A growing body of research shows links between poor teamwork and preventable surgical errors. Similar work has received little attention in the Global South, and in South Asia, in particular. This paper describes surgeons’ perception of teamwork, team members’ roles, and the team processes in a teaching hospital in Sri Lanka to highlight the nature of interprofessional teamwork and the factors that influence teamwork in this setting.

Methods

Data gathered from interviews with 15 surgeons were analyzed using a conceptual framework for interprofessional teamwork.

Results

Interprofessional teamwork was characterized by low levels of interdependency and integration of work. The demarcation of roles and responsibilities for surgeons, nurses, and anesthetists appeared to be a strong element of interprofessional teamwork in this setting.
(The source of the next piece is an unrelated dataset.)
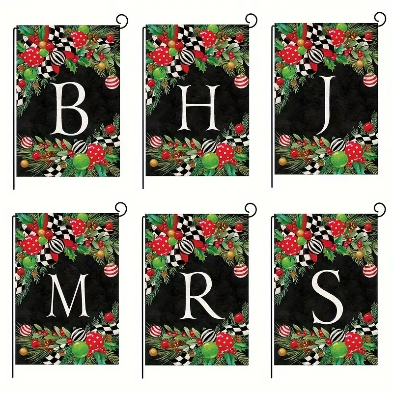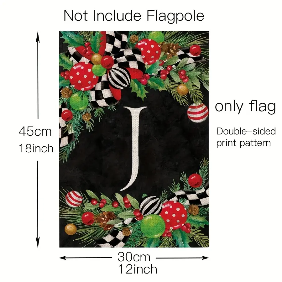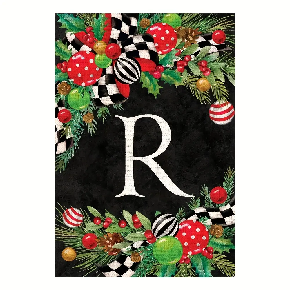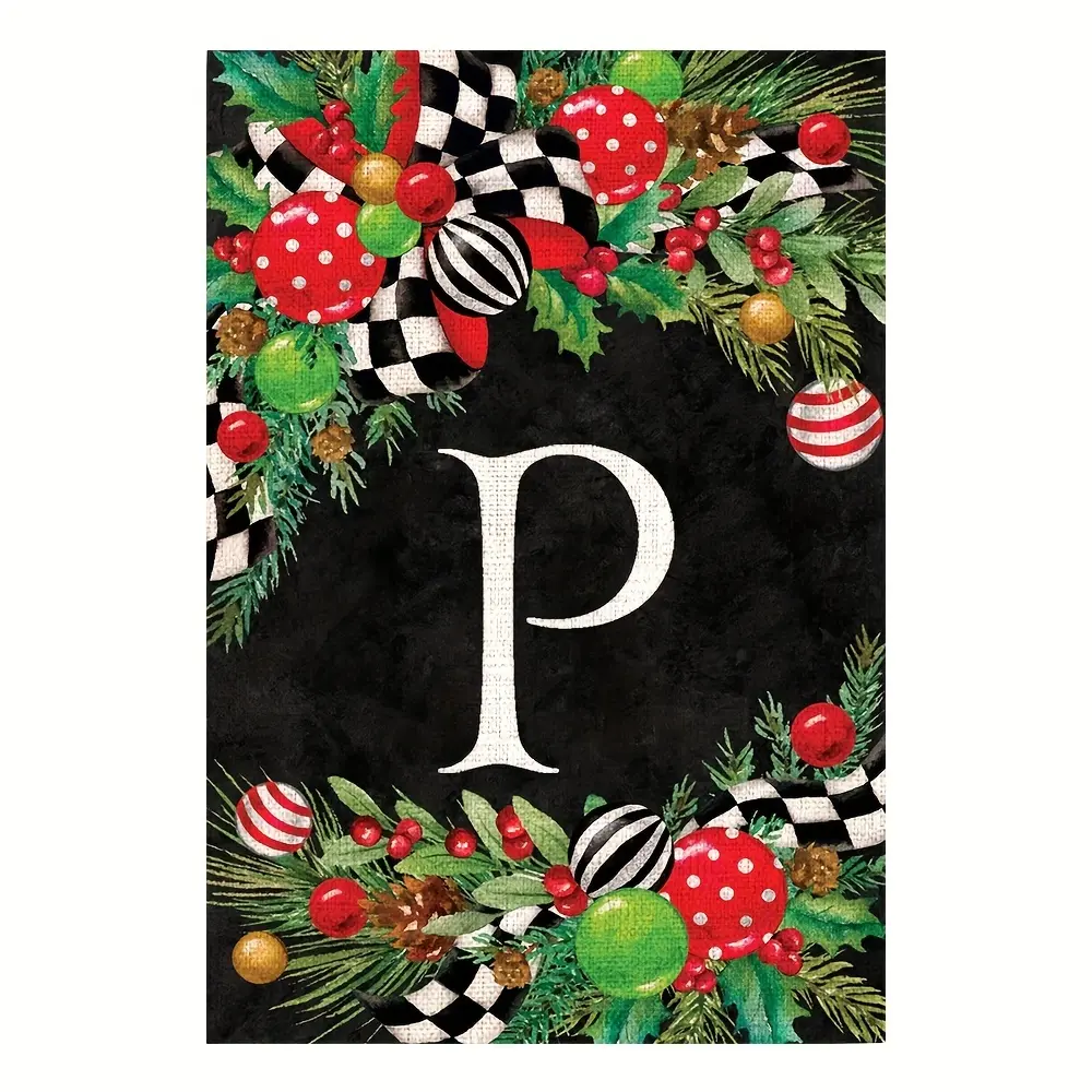 Linen Christmas Monogram Letter Garden Flag - Initial Personalized Family Name Yard Banner Sign,Double-Sided Print, Festive Holiday Outdoor Decoration, Yule Holly Design, No Flagpole Included Ornaments

Various relational factors, such as, professional power, hierarchy, and socialization, as well as contextual factors, such as, patriarchy and gender norms influenced interprofessional collaboration, and created barriers to communication between surgeons and nurses. Junior surgeons derived their understanding of appropriate practices mainly from observing senior surgeons, and there was a lack of formal training opportunities and motivation to develop non-technical skills that could improve interprofessional teamwork in operating rooms.

Conclusions

A more nuanced view of interprofessional teamwork can highlight the different elements of such work suited for each specific setting. Understanding the relational and contextual factors related to and influencing interprofessional socialization and status hierarchies can help improve quality of teamwork, and the training and mentoring of junior members.